*WHAT IS EXPECTED*
In the data below, find the line with "Переложите бананы на" and the line with "Our traditional 3oz", then restate both and every line between them exactly, minus the pictures.

*PROVIDED MATERIAL*

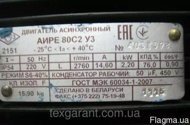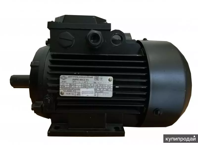 Однофазный электродвигатель  АИРЕ80C2,  мощность 2,2 кВт (в режиме работы — S6-40%) или 1,8 кВт (в режиме работы S1): о режимах работы . Синхронная частота вращения ротора — 3000 оборотов в минуту. Крышки однофазного электродвигателя (т.е. подшипниковые щиты) изготовлены из силумина (сплав алюминия с кремнием). Однофазный электродвигатель АИРЕ80С2 работает с пристроенным рабочим конденсатором, конденсатор входит в комплект поставки.
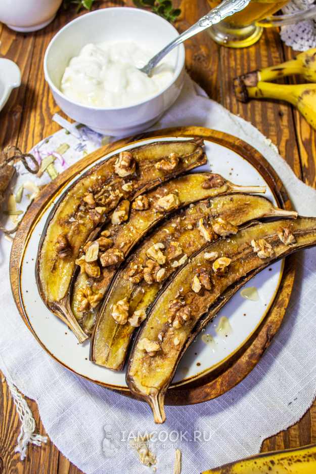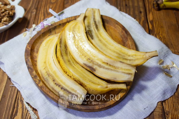 Переложите бананы на тарелку, посыпьте орехами, полейте медом и подавайте.
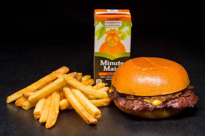 Our traditional 3oz 100% Grass-fed Canadian beef smash burger with cheddar cheese, caramelized onions, and our signature home-made mayo sauce. Comes with a side of fries and an orange juice
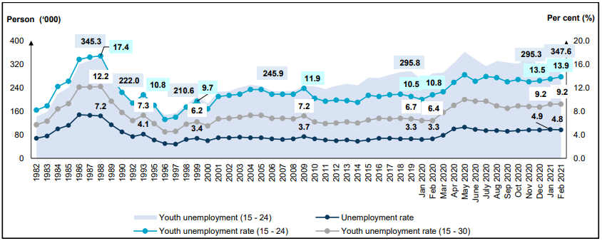 The unemployment rate for youth aged 15 to 24 years, increased by 0.4 percentage points to 13.9 per cent in February 2021. The number of unemployed youths increased by 52.4 thousand persons to 347.6 thousand persons as against the previous month (January 2021: 295.3 thousand persons). In the meantime, the unemployment rate for youth aged 15 to 30 years remained at 9.2 per cent. [Chart 5]

*RESPONSE BOX*
 Переложите бананы на тарелку, посыпьте орехами, полейте медом и подавайте.
 Our traditional 3oz 100% Grass-fed Canadian beef smash burger with cheddar cheese, caramelized onions, and our signature home-made mayo sauce. Comes with a side of fries and an orange juice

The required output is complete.